# Work request:
Below is a listing to write out in full, exactly as given, without its pictures.

# Material provided:
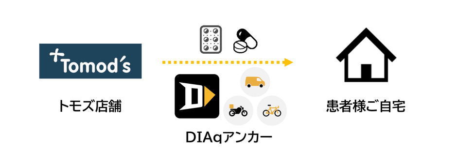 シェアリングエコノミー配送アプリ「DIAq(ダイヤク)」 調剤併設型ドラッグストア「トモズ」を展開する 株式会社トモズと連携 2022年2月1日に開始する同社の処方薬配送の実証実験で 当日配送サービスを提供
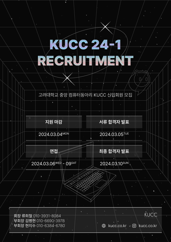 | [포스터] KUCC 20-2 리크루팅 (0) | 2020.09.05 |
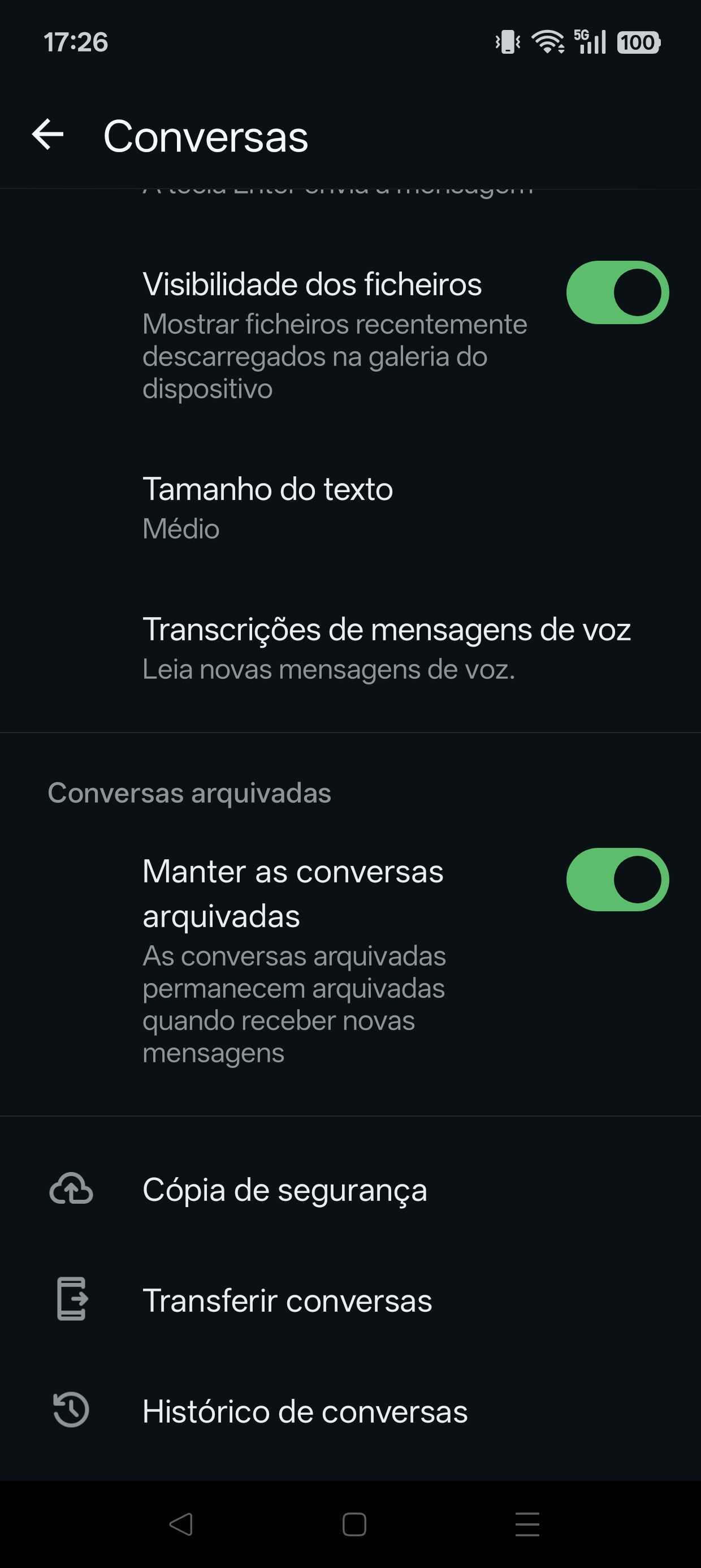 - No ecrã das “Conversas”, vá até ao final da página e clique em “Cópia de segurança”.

# Task output:
 シェアリングエコノミー配送アプリ「DIAq(ダイヤク)」 調剤併設型ドラッグストア「トモズ」を展開する 株式会社トモズと連携 2022年2月1日に開始する同社の処方薬配送の実証実験で 当日配送サービスを提供
 | [포스터] KUCC 20-2 리크루팅 (0) | 2020.09.05 |
 - No ecrã das “Conversas”, vá até ao final da página e clique em “Cópia de segurança”.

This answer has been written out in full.